→ Data under study:
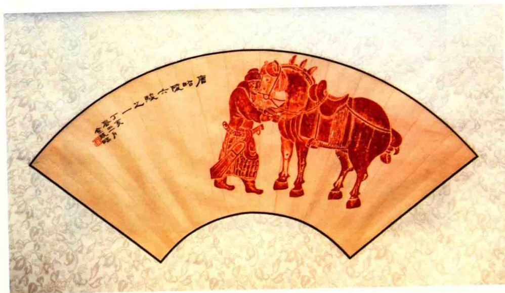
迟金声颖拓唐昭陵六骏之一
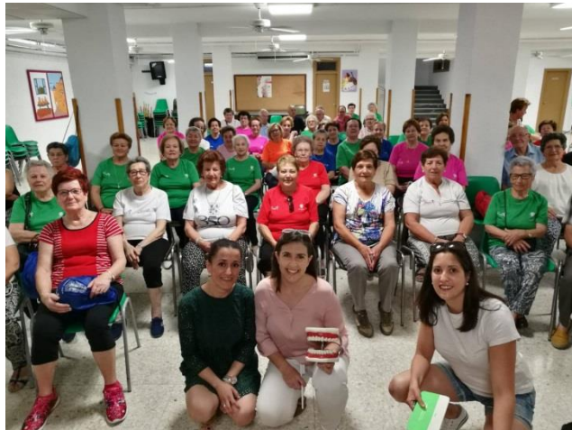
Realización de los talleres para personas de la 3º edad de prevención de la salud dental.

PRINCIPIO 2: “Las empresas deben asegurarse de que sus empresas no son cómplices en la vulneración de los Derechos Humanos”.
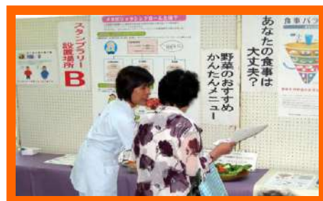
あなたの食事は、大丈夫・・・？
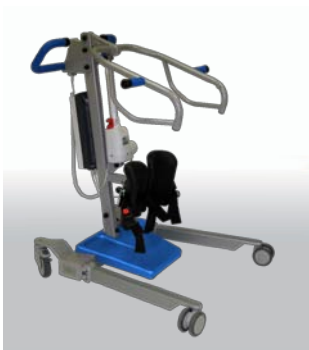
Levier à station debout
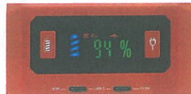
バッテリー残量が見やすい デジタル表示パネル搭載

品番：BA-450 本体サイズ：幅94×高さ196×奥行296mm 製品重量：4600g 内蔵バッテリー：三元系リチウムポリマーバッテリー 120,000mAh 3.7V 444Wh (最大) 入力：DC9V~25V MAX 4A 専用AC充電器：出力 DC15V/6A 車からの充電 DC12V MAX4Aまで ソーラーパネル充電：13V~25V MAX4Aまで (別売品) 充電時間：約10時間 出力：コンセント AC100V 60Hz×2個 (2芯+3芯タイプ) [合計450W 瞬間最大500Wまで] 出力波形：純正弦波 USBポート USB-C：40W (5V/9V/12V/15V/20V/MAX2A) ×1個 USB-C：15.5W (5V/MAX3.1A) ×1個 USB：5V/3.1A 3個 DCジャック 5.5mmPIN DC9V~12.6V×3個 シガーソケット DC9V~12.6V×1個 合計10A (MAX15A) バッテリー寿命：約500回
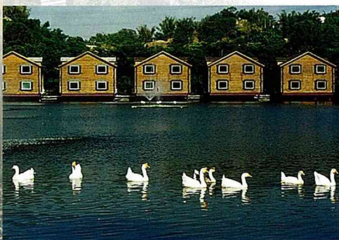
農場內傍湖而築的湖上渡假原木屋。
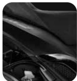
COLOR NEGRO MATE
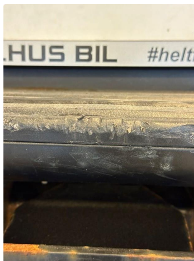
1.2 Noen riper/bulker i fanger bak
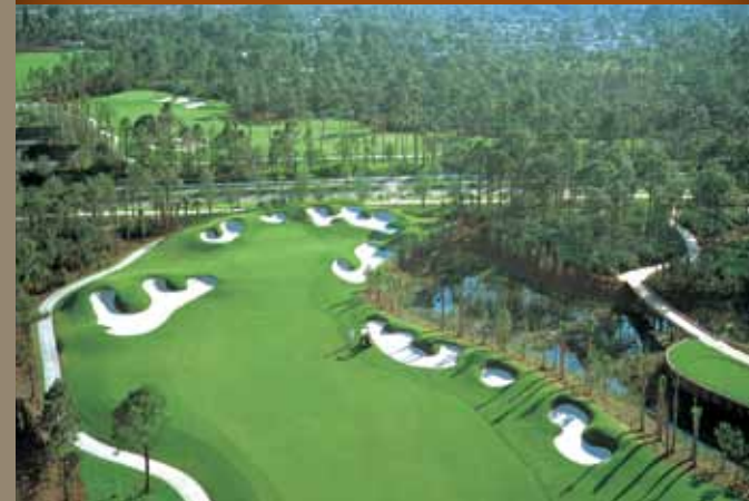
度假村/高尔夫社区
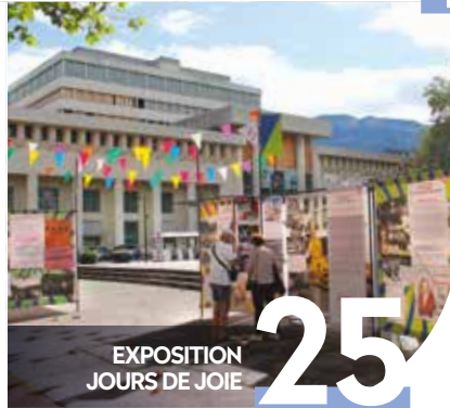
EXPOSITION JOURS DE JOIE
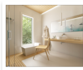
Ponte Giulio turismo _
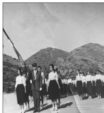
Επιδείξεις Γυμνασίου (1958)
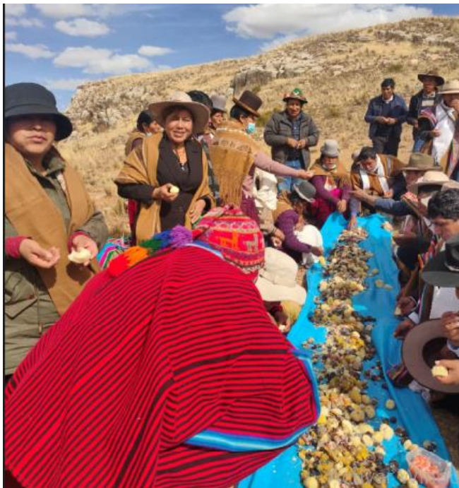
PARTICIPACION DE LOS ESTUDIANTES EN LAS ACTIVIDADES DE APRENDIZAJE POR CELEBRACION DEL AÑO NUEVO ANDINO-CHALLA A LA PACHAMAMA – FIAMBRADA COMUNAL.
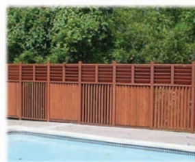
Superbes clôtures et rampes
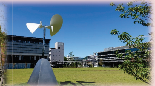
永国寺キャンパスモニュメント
...
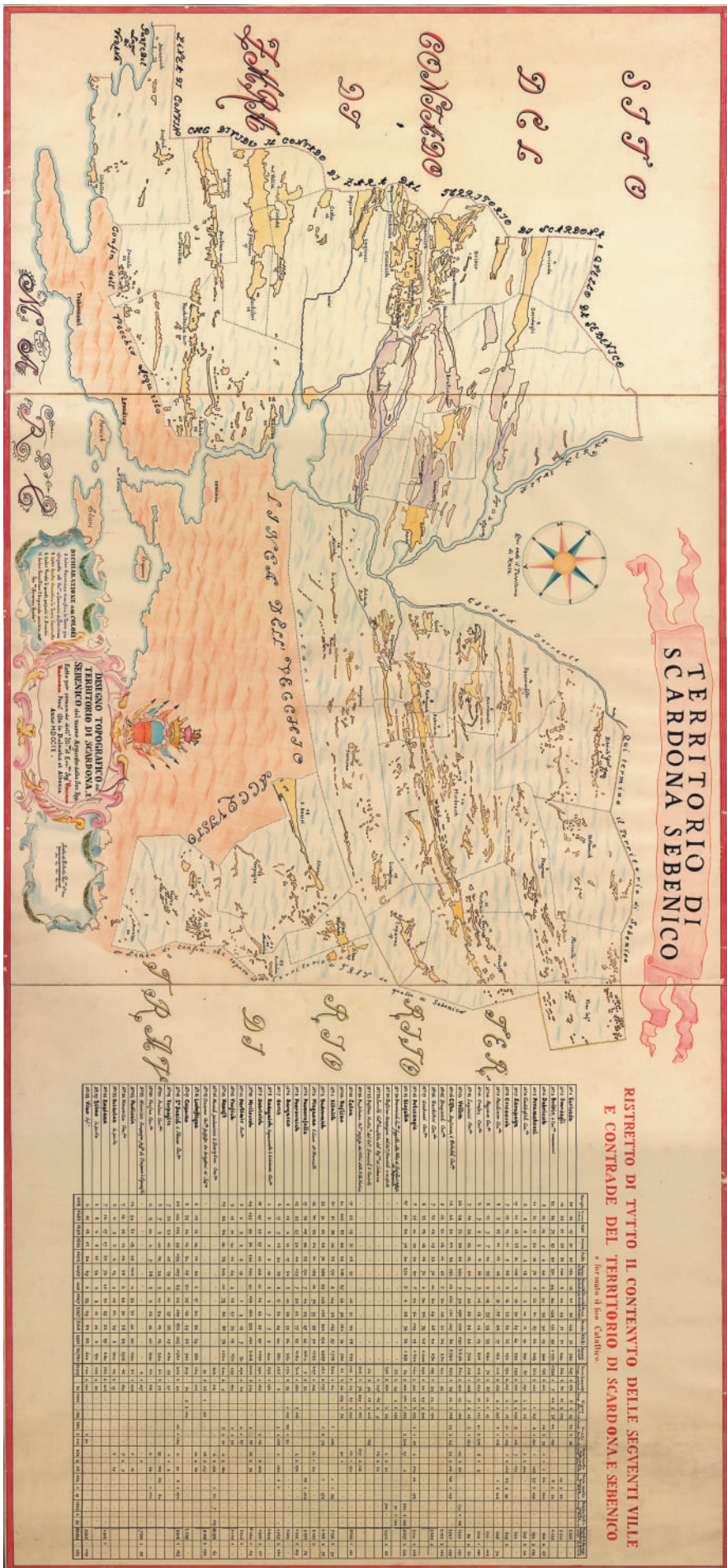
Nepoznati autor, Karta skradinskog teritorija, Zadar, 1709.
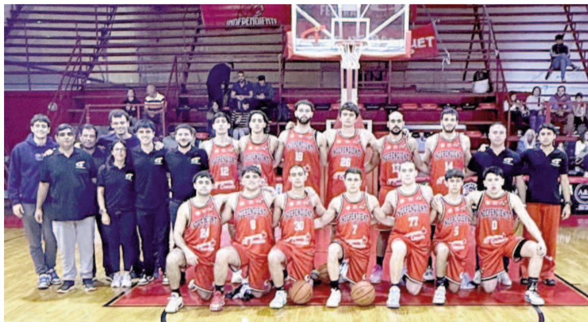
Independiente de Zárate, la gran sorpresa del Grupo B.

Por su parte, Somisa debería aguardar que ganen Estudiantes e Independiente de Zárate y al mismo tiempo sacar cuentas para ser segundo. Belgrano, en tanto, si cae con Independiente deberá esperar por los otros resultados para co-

→ Work order: Every line of the material above that has the string "Independiente" needs pulling out.

→ Answer for this exercise:
Independiente de Zárate, la gran sorpresa del Grupo B.
Por su parte, Somisa debería aguardar que ganen Estudiantes e Independiente de Zárate y al mismo tiempo sacar cuentas para ser segundo. Belgrano, en tanto, si cae con Independiente deberá esperar por los otros resultados para co-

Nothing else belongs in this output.